BACKGROUND AND OBJECTIVES: The negative pressure selectable for the wet-suction technique remains uncertain. The aim was to investigate the quality of sampling and diagnostic accuracy with solid lesions by 5 mL and 10 mL negative pressure with wet-suction techniques. METHODS: This is a single-center, crossover, randomized controlled trial conducted with a random sampling technique. In all, 160 patients consecutively undergoing EUS-FNA for solid lesions were randomized in a ratio of 1:1 into 2 groups, the 5 mL and 10 mL negative pressure wet-suction group.

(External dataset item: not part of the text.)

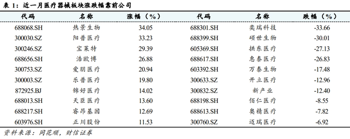 近一月板块内标的涨跌幅排名靠前的个股有热景生物(34.05%)、阳普医疗(33.23%)、宝莱特(29.39%)、浩欧博(26.88%)、爱朋医疗(20.94%);涨跌幅排名靠后的个股有奕瑞科技(-33.66%)、硕世生物(-30.01%)、拱东医疗(-27.13%)、惠泰医疗(-26.83%)、万泰生物(-17.48%)。
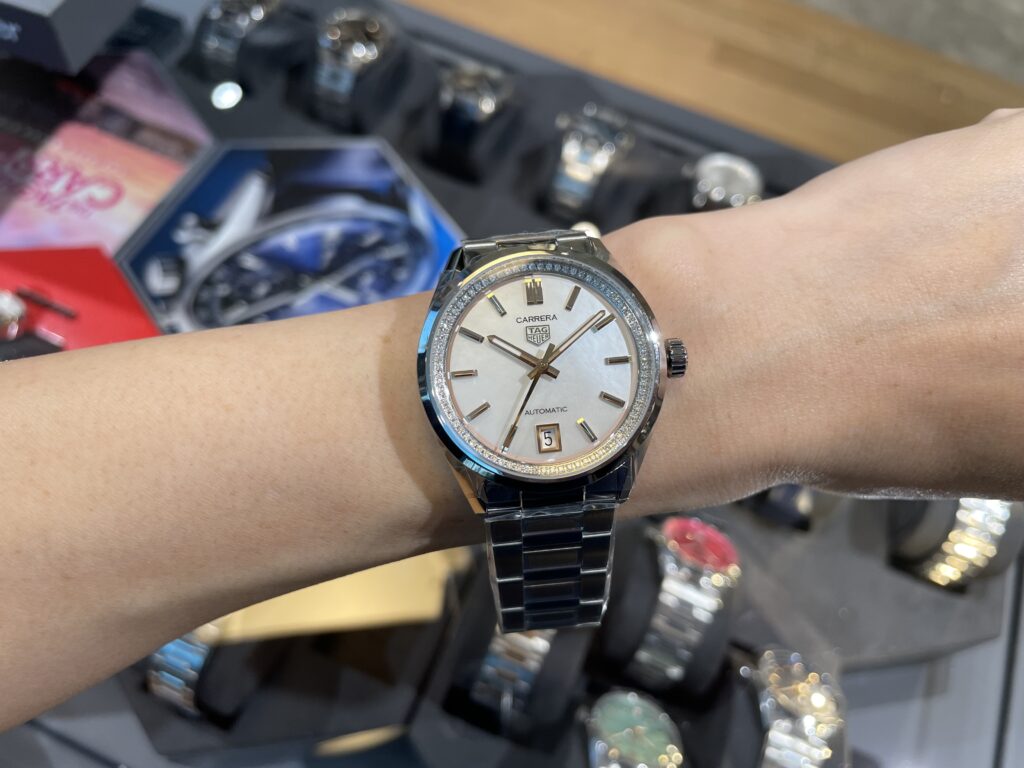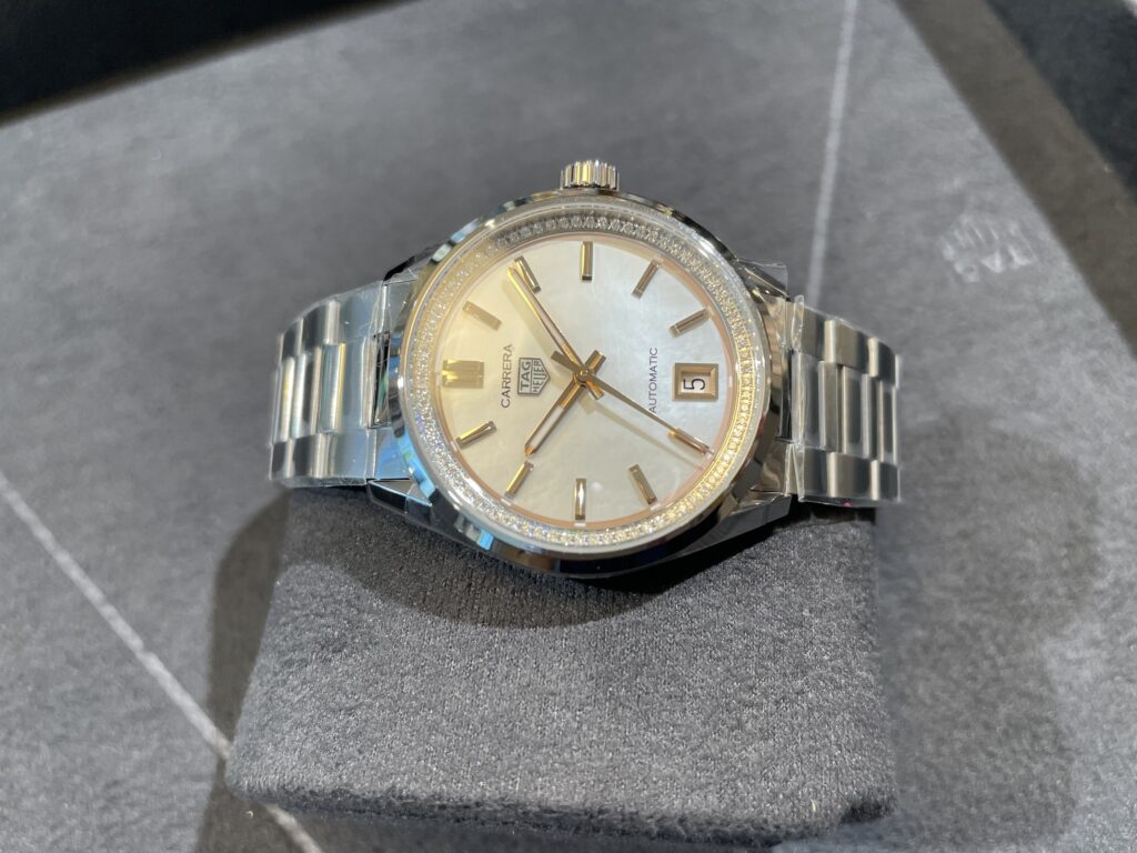 タグ・ホイヤー カレラ デイトが魅せる、タイムレスなエレガンスの世界へようこそ🥴💓直径36mmのケースに、ホワイトマザー オブ パール のダイヤルと、76個のダイヤモンド(0.288ct) がセットされたフランジを合わせた壮麗なタイムピースが、アイコニックなカレラ コレクションにラグジュアリーなタッチを添えます。

The main outcome was to compare the sample quality between the 2 groups. The secondary outcome was to compare the histologic and cytologic diagnostic accuracy of solid lesions. RESULTS: Pancreatic (n=129) and nonpancreatic (n=27) lesions from 156 lesions were examined. The sample quality concluding cellularity, adequacy, integrity, and blood contamination were comparable between the 2 groups. However, in subgroup analysis, we found 19G FNA provided more integrity of specimen in 5 mL than in 10 mL group (100% vs. 82.9%, P=0.025). In contrast, this benefit was not noteworthy in the 22G FNA subgroup. And there was no statistically significant in histologic (87.82% vs. 87.18%, P=1.000) and cytologic (78.85% vs. 80.77%, P=0.778) accuracy between 5 mL and 10 mL groups. CONCLUSION: When using the wet-suction technique, 5 mL and 10 mL negative pressure offer equivalent sample quality and diagnostic accuracy. However, the 19G FNA can obtain better sample quality with 5 mL negative pressure than 10 mL negative pressure.